The grammar of indicators is quite simple; almost all facets are optional. You can combine indicators in any order, and they are still grammatical. The presumed denotation is additive; thus the whole is the sum of the parts regardless of the order expressed, although the first expressed is presumed most important to the speaker. Every possible string of UI cmavo has some meaning.

Within a string of indicators, there will be conventions of interpretation which amount to a kind of second-order grammar. Each of the modifier words is presumed to modify an indicator to the left, if there is one. (There is an “unspecified emotion” word, “ge'e”, reserved to ensure that if you want to express a modifier without a root emotion, it doesn’t attach to and modify a previous but distinct emotional expression.)

For example, “.ieru'e” expresses a weak positive value on the scale of agreement: the speaker agrees (presumably with the listener or with something else just stated), but with the least possible degree of intensity. But “.ie ge'eru'e” expresses agreement (at an unspecified level), followed by some other unstated emotion which is felt at a weak level. A rough English equivalent of “.ie ge'eru'e” might be “I agree, but ...” where the “but” is left hanging. (Again, attitudes aren’t always expressed in English by English attitudinals.)

A scale variable similarly modifies the previous emotion word. You put the scale word for a root emotion word before a modifier, since the latter can have its own scale word. This merely maximizes the amount of information expressible. For example, “.oinaicu'i ro'ucai” expresses a feeling midway between pain (“.oi”) and pleasure (“.oinai”) which is intensely sexual (“ro'u”) in nature.

The cmavo “nai” is the most tightly bound modifier in the language: it always negates exactly one word — the preceding one. Of all the words used in indicator constructs, “nai” is the only one with any meaning outside the indicator system. If you try to put an indicator between a non-indicator cmavo and its “nai” negator, the “nai” will end up negating the last word of the indicator. The result, though unambiguous, is not what you want. For example,

8.1)   mi .e .ui nai do
       I and [Yay!] [Not!] you
means “I and (unfortunately) you”, whereas
8.2)   mi .e nai .ui do
       I and [Not!] [Yay!] you
means “I but (fortunately) not you”. Attitudinal “nai” expresses a “scalar negation”, a concept explained in Chapter 15; since every attitudinal word implies exactly one scale, the effect of “nai” on each should be obvious.
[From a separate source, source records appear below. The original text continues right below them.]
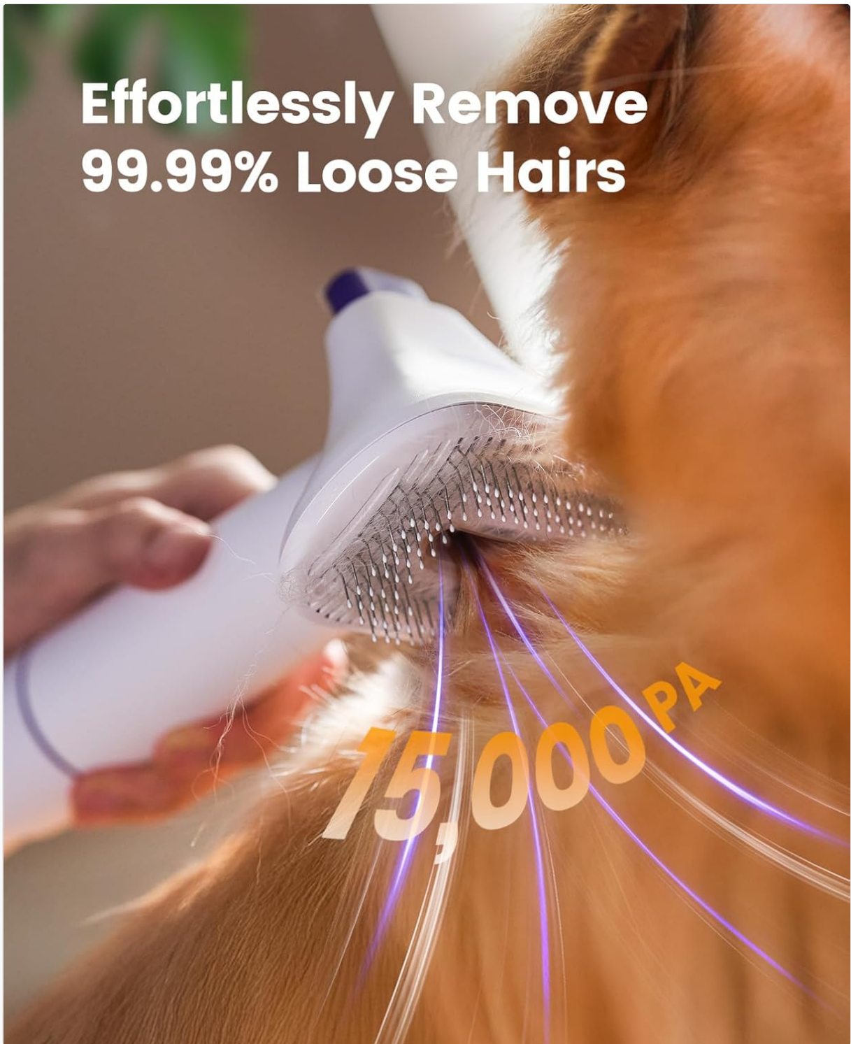
Image 5.1: A close-up view of the oneisall LM5 Dog Vacuum in use, demonstrating its ability to remove loose hair from a dog's coat.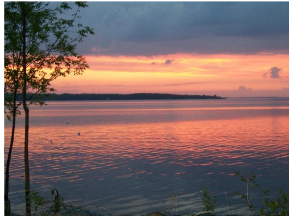
Sunset end of May 2016, Sturgeon Bay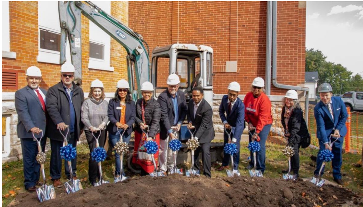
Breaking Ground on a Ground-Breaking Project

https://mcshaneconstruction.com/fox-valley-apartments-affordable-housing-construction/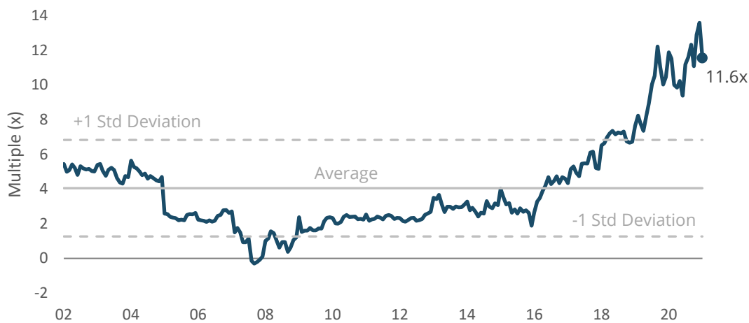
S&P 500 Growth P/E minus S&P 500 Value P/E Price to Earnings Next Twelve Months (1/1/2003 - 12/31/2021)

Bringing it all together at the micro level, the gap between "obvious quality" and "everything else" grew once again this year. As we have written before, quality is of paramount importance to us, but it must be "hidden quality," which the market is not yet paying for. We too are tired of the phrase "value vs. growth," but we cannot help including the below chart that highlights the historically huge difference between these two categories: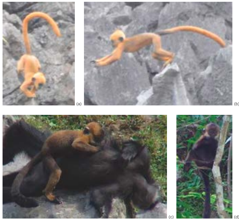
Fig.5. Young Cat Ba langur 99-102 (a) and 119-122 (b) days since birth. Infant François' langurs at 97 (c) and 115 (d) days old. Note the drastic difference between the dark coat of François' langurs and the slowly-transitioning coat of the Cat Ba langur.

From months five to eight (days 121-240), both langurs develop adult-coloured black skin. Among Cat Ba langurs, the back has shifted from an orange coat with a dark undercoat to being a dark coat with a slight orange tinge (Fig. 6a,b); there is a small orange spot between the shoulder blades. The neck and shoulders are still pale orange, as are the limbs (upper legs and lower arms are darker than lower legs and upper arms) and lower tail (by the end of this period only the lower third of the tail is orange, and the underside remains darker than the top). The blanched thigh patches of females and the saddle become more visible (Fig. 6a). It is at this stage that Cat Ba langurs gain the larger abdomen characteristic of leaf-eaters. François' langurs continue to have pelage darkening (albeit yellow hair is still visible on the head and crest), a whitening of the moustache, and a more pointed crest (Fig. 6c,d).

Thus, the complete internal grammar of UI is as follows, with each listed part optionally present or absent without affecting grammaticality, though it obviously would affect meaning.

      attitudinal “nai” intensity-word “nai” modifier “nai” intensity-word “nai”
                                  (possibly repeated)

“ge'e”, the non-specific emotion word, functions as an attitudinal. If multiple attitudes are being expressed at once, then in the 2nd or greater position, either “ge'e” or a VV word must be used to prevent any modifiers from modifying the previous attitudinal.